Crítica de ‘Spider-Man: Lejos de Casa’: quién dijo que segundas partes nunca fueron buenas

Peter Parker (Tom Holland) decide dejar sus heroicidades a un lado durante unas pocas semanas, y sale de viaje por Europa con sus amigos Ned (Jacob Batalon), MJ (Zendaya) y el resto de compañeros de instituto. Pero las vacaciones de verano darán un giro inesperado cuando aparezca Nick Furia (Samuel L. Jackson), que tiene trabajo para Peter. Varias criaturas elementales, seres hechos de arena, piedra, agua y fuego, están creando el caos y la destrucción en todo el continente. El joven Hombre Araña deberá desentrañar el misterio de estos ataques. Solo y con sus amigos en apuros, además de con la nueva aparición de Mysterio (Jake Gyllenhaal), Peter tendrá que decidirse a dar la cara. 

Esta esperada secuela del héroe arácnido está basada en los comics de Marvel creados por Steve Ditko y Stan Lee, está dirigida por Jon Watts (Coche policial) y vuelve a contar con guión de Chris McKenna y Erik Sommers.

¿Quién dijo que segundas partes nunca fueron buenas? En Lejos de Casa nos encontramos ante una secuela muy superior en todos los aspectos posibles a su predecesora.
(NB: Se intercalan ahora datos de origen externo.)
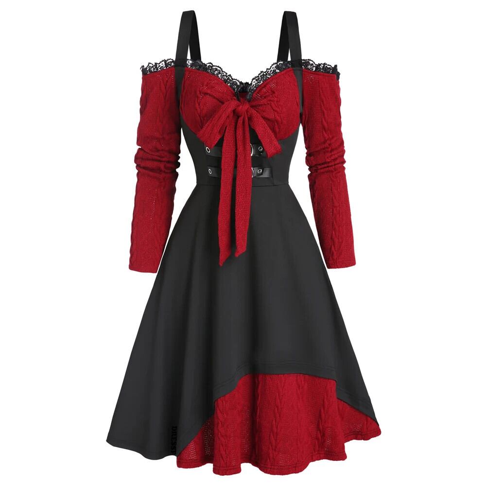 送料無料 Dressfo レディース コールド ショルダー 長袖ドレス カラーブロック ニット フェイク ツインセット レース トリム ちょう結び ケーブル ニット Jurken ロング リボン ファー AE1212665655667400532896
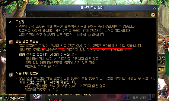 그리고 상던 토벌권은 용병단 11렙때 주간 12캐릭까지 !!
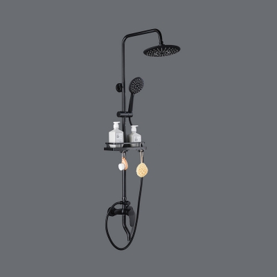 Душевой комплект с тропическим душем Circle черный матовый предназначен для ванной или для душевой кабины. Система тропический душ монтируется на стену и выглядит как металлическая матовая стойка с небольшим пластиковым контейнером для принадлежностей для мытья. Высота лейки достигает 225 мм. Верхний душ имеет круглую форму и оснащен регулятором струи в трех режимах, при которых вода распыляется с разным диаметром. Смеситель с изливом поворотным управляется рычажным способом. В комплект входят душевая система, штанга, пластиковая емкость и крепежные элементы.
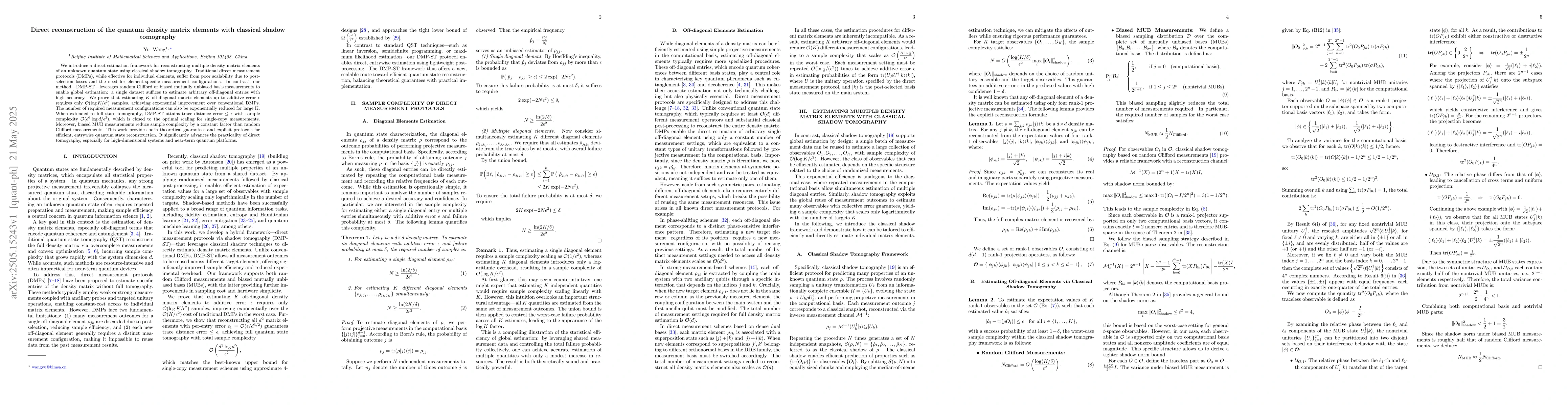 The research introduces a direct estimation framework called DMP-ST, which uses random Clifford or biased mutually unbiased basis measurements for global estimation of density matrix elements. It leverages a single dataset to estimate arbitrary off-diagonal entries with high accuracy, significantly reducing sample complexity and measurement configurations compared to traditional direct measurement protocols (DMPs).
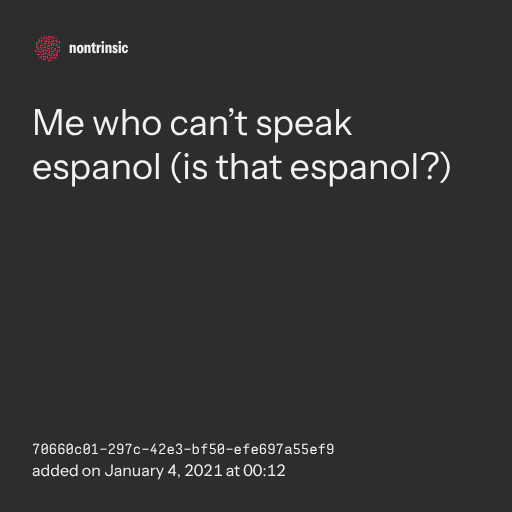 поделитьсяMe who can’t speak espanol (is that espanol?)
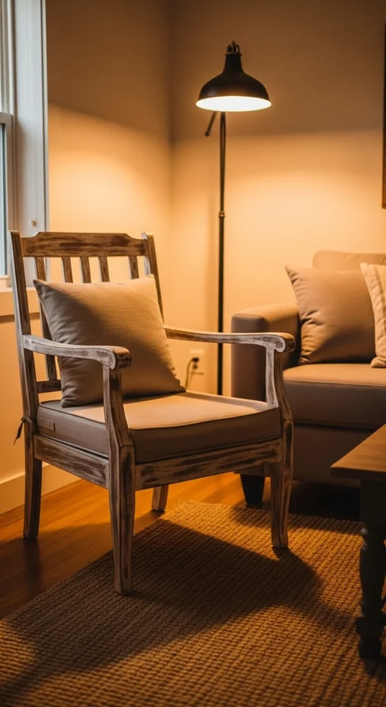 One statement chair can replace a bulky loveseat. Look for slim frames with visible wood grain. Pair with a simple cushion. Sand and stain secondhand chairs for quick updates. Keep upholstery neutral. This adds seating plus authentic farmhouse character without crowding.
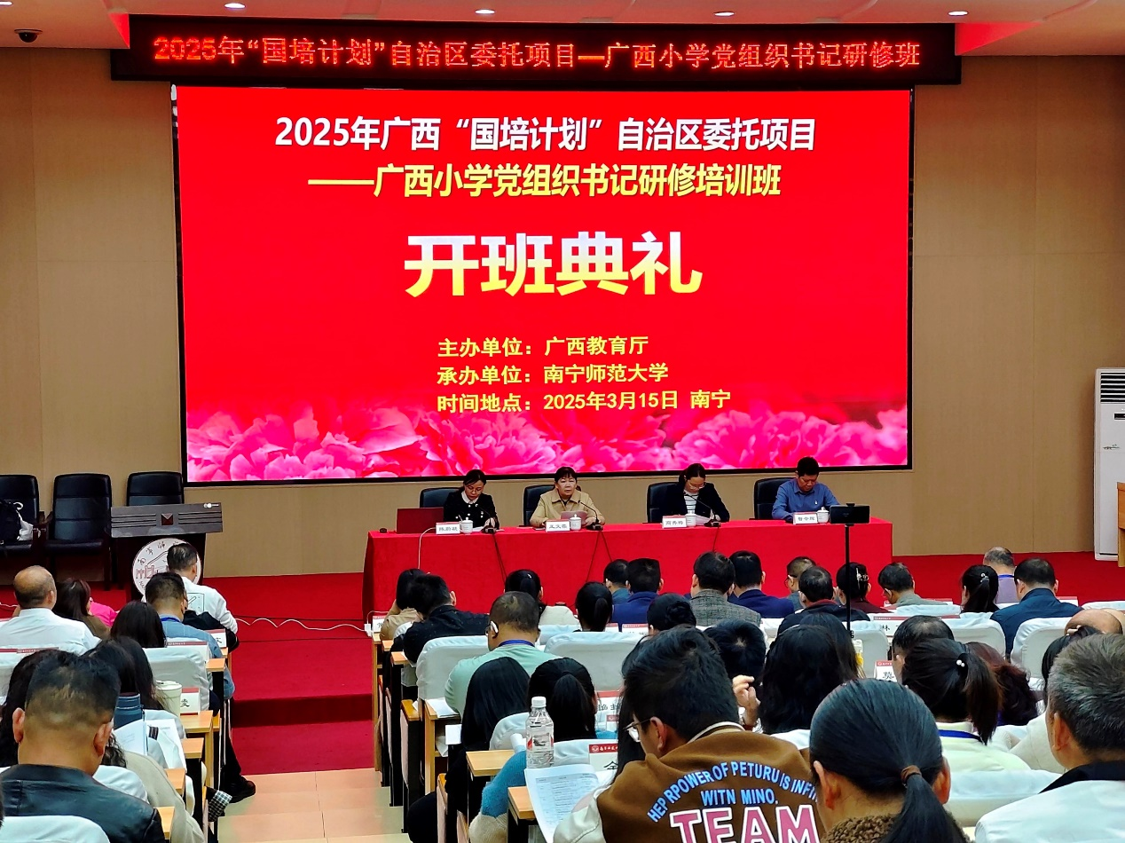 为进一步提升广西小学党组织书记的专业素养和管理能力,3月15日,由自治区教育厅主办、best365官网承办的2025年“国培计划”自治区委托项目——广西小学党组织书记研修培训班在南宁顺利开班。广西教师培训中心主任商秀梅,学校教师教育学院院长王文蓉,马克思主义学院院长曾令辉及来自广西各地的200位小学党组织书记参加了此次培训班开班。
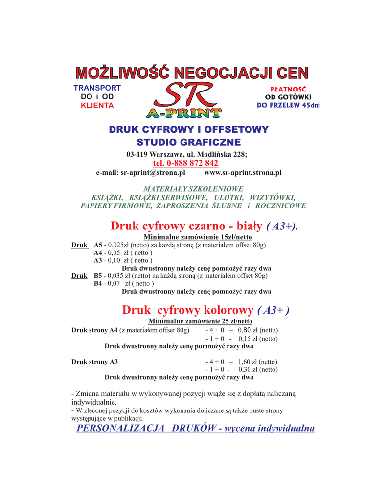 MOŻLIWOŚĆ NEGOCJACJI CEN TRANSPORT DO i OD KLIENTA A-PRINT PŁATNOŚĆ OD GOTÓWKI DO PRZELEW 45dni DRUK CYFROWY I OFFSETOWY STUDIO GRAFICZNE 03-119 Warszawa, ul. Modlińska 228; tel. 0-888 872 842 e-mail: [email protected] www.sr-aprint.strona.pl MATERIAŁY SZKOLENIOWE KSIĄŻKI, KSIĄŻKI SERWISOWE, ULOTKI, WIZYTÓWKI, PAPIERY FIRMOWE, ZAPROSZENIA ŚLUBNE i ROCZNICOWE Druk cyfrowy czarno - biały ( A3+). Minimalne zamówienie 15zł/netto Druk A5 - 0,025zł (netto) za każdą stronę (z materiałem offset 80g) A4 - 0,05 zł ( netto ) A3 - 0,10 zł ( netto ) Druk dwustronny należy cenę pomnożyć razy dwa Druk B5 - 0,035 zł (netto) na każdą stroną (z materiałem offset 80g) B4 - 0,07 zł ( netto ) Druk dwustronny należy cenę pomnożyć razy dwa Druk cyfrowy kolorowy ( A3+ ) Minimalne zamówienie 25 zł/netto Druk strony A4 (z materiałem offset 80g) - 4 + 0 – 0,80 zł (netto) - 1 + 0 - 0,15 zł (netto) Druk dwustronny należy cenę pomnożyć razy dwa - 4 + 0 – 1,60 zł (netto) - 1 + 0 - 0,30 zł (netto) Druk dwustronny należy cenę pomnożyć razy dwa Druk strony A3 - Zmiana materiału w wykonywanej pozycji wiąże się z dopłatą naliczaną indywidualnie. - W zleconej pozycji do kosztów wykonania doliczane są także puste strony występujące w publikacji. PERSONALIZACJA DRUKÓW - wycena indywidualna Firma oferuje także usługi komputerowe (na PC) w zakresie: - wykonania projektów graficznych (Photoshop, Ilustrator, Corel) - skład i łamanie tekstów (QarkXPress, Page Maker) - skanowanie zdjęć i slajdów (AGFA Duoscan T 1200) - kompleksowe wykonanie wszystkiego typu prac poligraficzno - introligatorskich DRUK OFFSETOWY Format 470 x 320 Druk jedno i wielokolorowy (cena za 1 kolor) z matrycą - do 1000 ark. - 65 zł - ponad 1000 - 0,05 zł/ark - do ceny druku doliczyć należy cenę materiału i ew. przygotowalni komputerowej. Prace studia graficznego DTP Minimalne zamówienie 35 zł /nett - cena godziny pracy DTP 60zł/netto - skład, łamanie tekstu - indywidualna kalkulacja - skanowanie do pliku 1Mb -1,5zł/netto (min. 10zł/netto) Usługi introligatorskie Rodzaj oprawy, usługi: - bigowanie - oprawa zeszytowa - oprawa klejona do 100 egz. - oprawa klejona pow. 100 egz. - oprawa thermobindowana do 100szt. pow. 100szt. - bindowanie (grzbiet plastikowy) do 100 szt. pow. 100 szt. - oprawa twarda - wykonywanie otworów pod segregatory - 0,20 zł (netto) min.- 20zł/netto - 0,20 zł (netto) min.- 20zł/netto - 150 zł (netto) - 0,60 zł /sztuka(netto) - 5zł/szt netto - 4,80zł/szt netto - 3,80zł/szt netto - 2,80zł/szt netto - wycena indywidualna - min. 20zł/netto (do 500 ark.) - 0,015zł/netto - otwór - rycowanie (nacinanie pap.samoprzylepny, folia) - min. 20zł/netto(100ark.-6noży) (szer.350mm) pow.100 ark. 0,05zł/netto każdy następny przelot arkusza - perforowanie - min. 20zł/netto (100ark.-3noże) (szer.350mm) pow.100 ark. 0,05zł/netto każdy następny przelot arkusza Pozostałe informacje udzielane są telefonicznie tel. 0-888 872 842 Zapraszamy Z Poważaniem Ryszard Seremak

Como todos bien sabemos, tiene lugar en Europa debido a un viaje que nuestro protagonista hace con el resto de sus compañeros de clase.

Por supuesto, toda la película tiene su base en los actos acontecidos en Endgame y nuestro protagonista arácnido sigue dolido y destrozado por lo que le ha pasado a su gran compañero. Desde el minuto 1 podemos ver que el ambiente y la forma de ver este largometraje será muy distinto del de su predecesora. En nuestra opinión, Homecoming se excedía demasiado del aspecto adolescente, no solo por su protagonista sino porque la película se parecía más bien a ese tipo de largometrajes que nadie quiere ver porque parecen desde lo lejos demasiado infantiles.

Pero aquí todo cambia: no sabemos si es porque estamos creciendo con este gran Peter Parker o porque los hechos acontecidos en Endgame han hecho que el guión madure y coja un tono más característico y con calidad de lo que estábamos acostumbrados.

Es obvio que la película sigue con ese tono característico adolescente pero en menor medida y con una calidad infimamente superior tanto en guión, como en villanos, como en actuaciones.

Peter Parker lucha consigo mismo por intentar ser un chico normal al menos durante unos días y esa lucha interna es la que nos hace ver su evolución tanto personalmente como en su vida heroica por lo que nos permite disfrutar más aún de un personaje bien construido que nos está mostrando sus avances. Mientras tanto, un mejor guión se abre paso dejándonos una trama bastante lineal, con giros de guión muy interesantes y sin agujeros de guión que nos saquen totalmente de la trama. La acción se entremezcla con tonos de comedia y la incesante pregunta de: ¿por qué no puedo ser un chico normal al menos durante unos días?

Este largometraje supone el cierre de la fase 3 del MCU y más que ‘cerrarlo’ abre puertas a un nuevo universo y un nuevo comienzo que nos transmite la impresión de querer alejarse de las historias que nos han ido acompañando durante muchísimos años.

El joven reparto es uno de sus plus. El villano o villanos consiguen ser realmente lo que queremos ver: un villano. En la pasada película la maldad se quedaba a medias y parecía más una película de domingo por la tarde que de una historia de Marvel. Por fin, esto era precisamente lo que necesitábamos.

Es divertida, entretenida y con la acción que todos queríamos sin dejar atrás el desarrollo de los personajes.